Dual antithrombotic therapy dose-dependently alters hemostatic plug structure and function.

Background: Antithrombotic medications carry an inherent risk of bleeding, which may be exacerbated when anticoagulant and antiplatelet therapeutics are combined. Prior studies have shown different effects of antiplatelet vs anticoagulant drugs on the structure and function of hemostatic plugs in vivo.

Objectives: We examined whether dual antithrombotic treatment consisting of combined antiplatelet and anticoagulant therapeutics alters hemostatic plug structure and function differently from treatment with either therapeutic alone.

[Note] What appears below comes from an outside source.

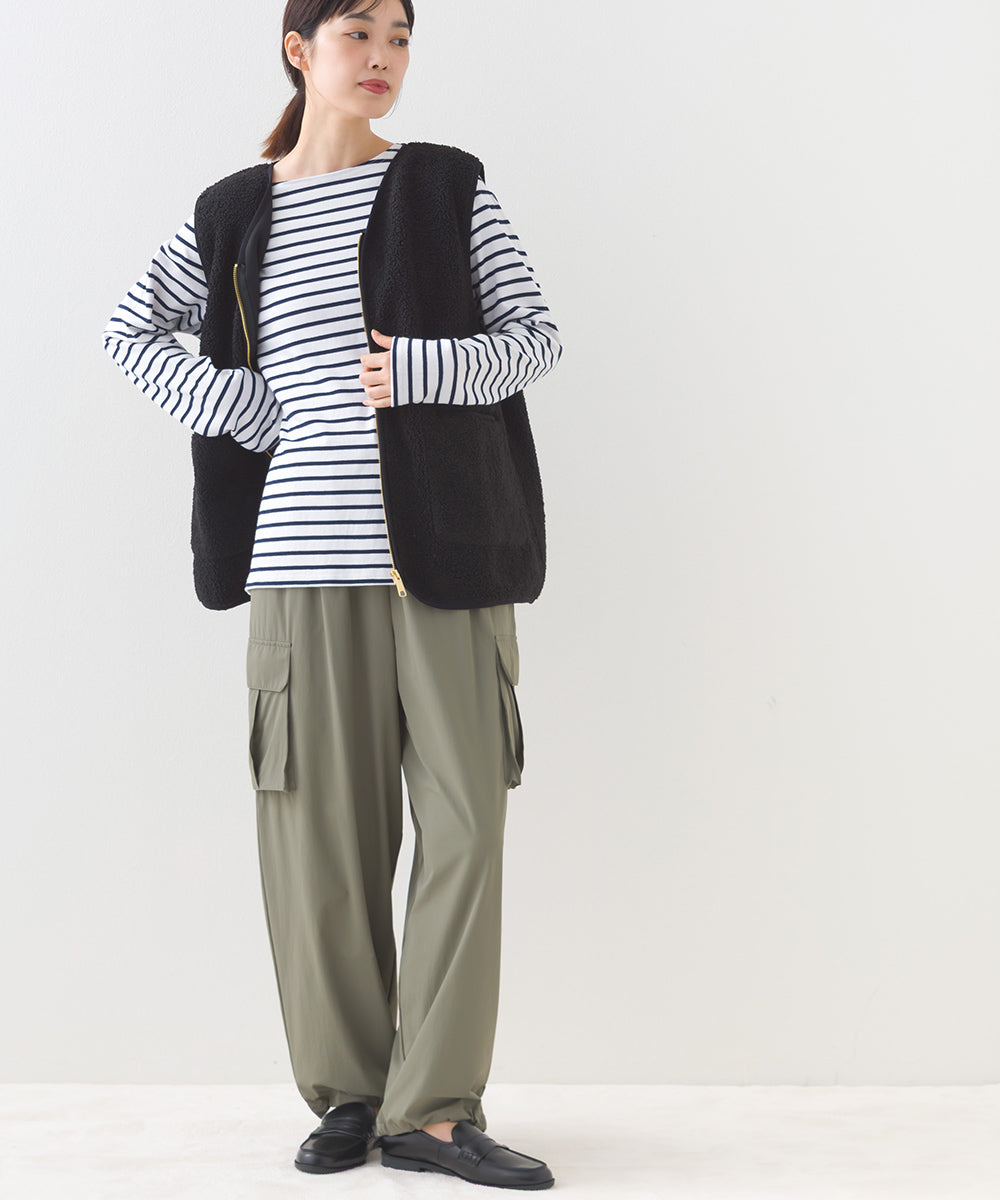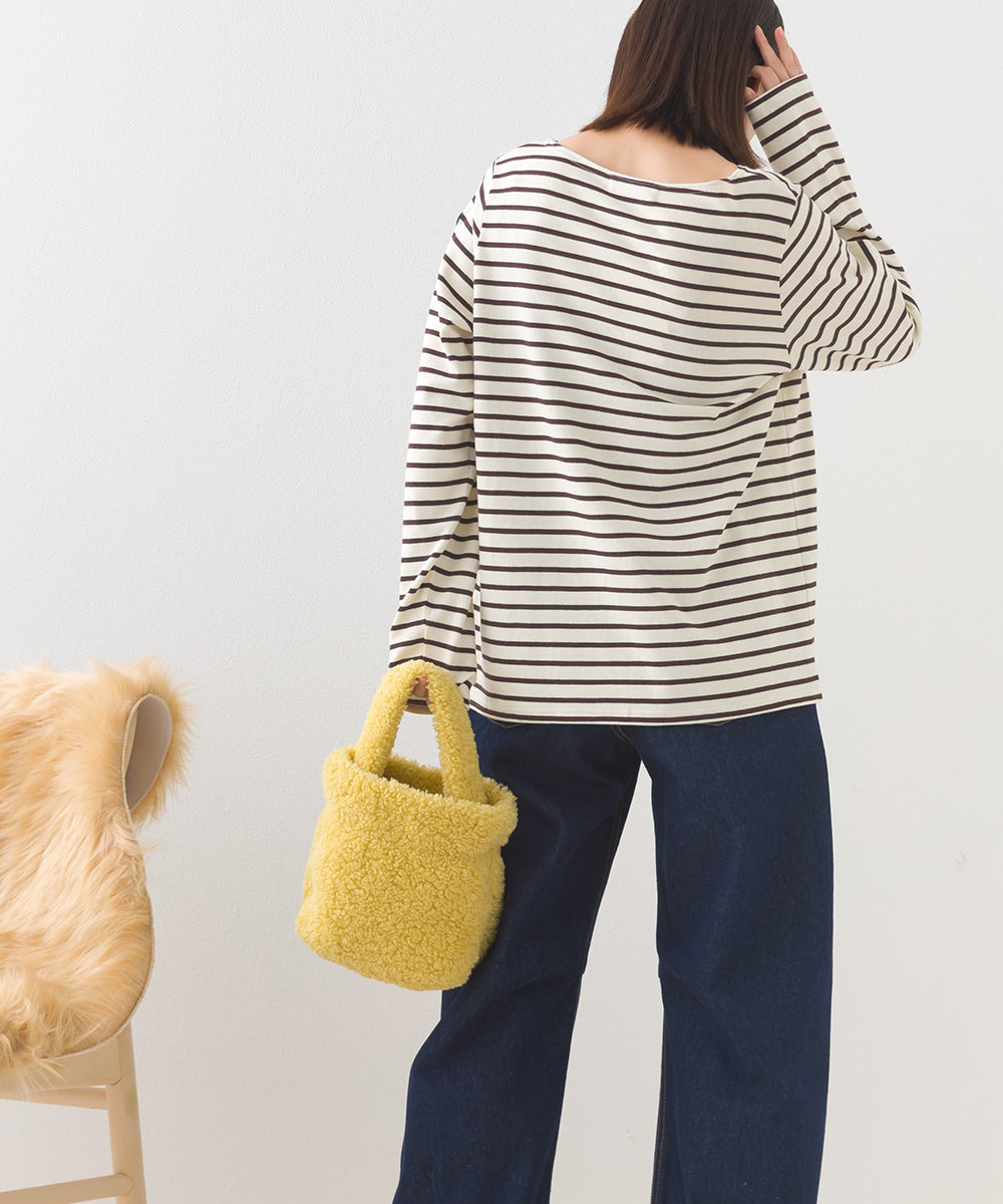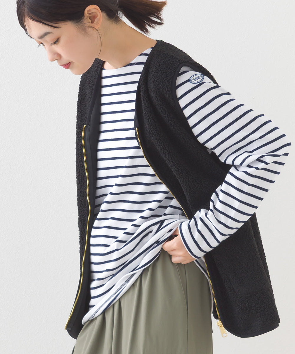 【OMNES】コットン長袖ボーダーTシャツ【253W427OMN048】

Methods: Mice were treated with the P2Y antagonist clopidogrel and the factor Xa inhibitor rivaroxaban across a range of doses, either alone or in combination. The hemostatic response was assessed using a mouse jugular vein puncture injury model. Platelet accumulation and fibrin deposition were evaluated using quantitative multiphoton fluorescence microscopy, and bleeding times were recorded.

Results: Mice treated with clopidogrel alone exhibited a decrease in platelet accumulation at the site of injury, with prolonged bleeding times only at the highest doses of clopidogrel used. Mice treated with rivaroxaban alone instead showed a reduction in fibrin deposition with no impact on bleeding. Mice treated with both clopidogrel and rivaroxaban exhibited platelet and fibrin accumulation that was similar to that with either drug given alone; however, dual antithrombotic therapy resulted in impaired hemostasis at doses that had no impact on bleeding when given in isolation.

Conclusion: Combined administration of antiplatelet and anticoagulant therapeutics exacerbates bleeding as compared to that with either drug alone, potentially via combined loss of both adenosine 5'-diphosphate- and thrombin-mediated platelet activation. These findings enhance our understanding of the bleeding risk associated with dual antithrombotic therapy.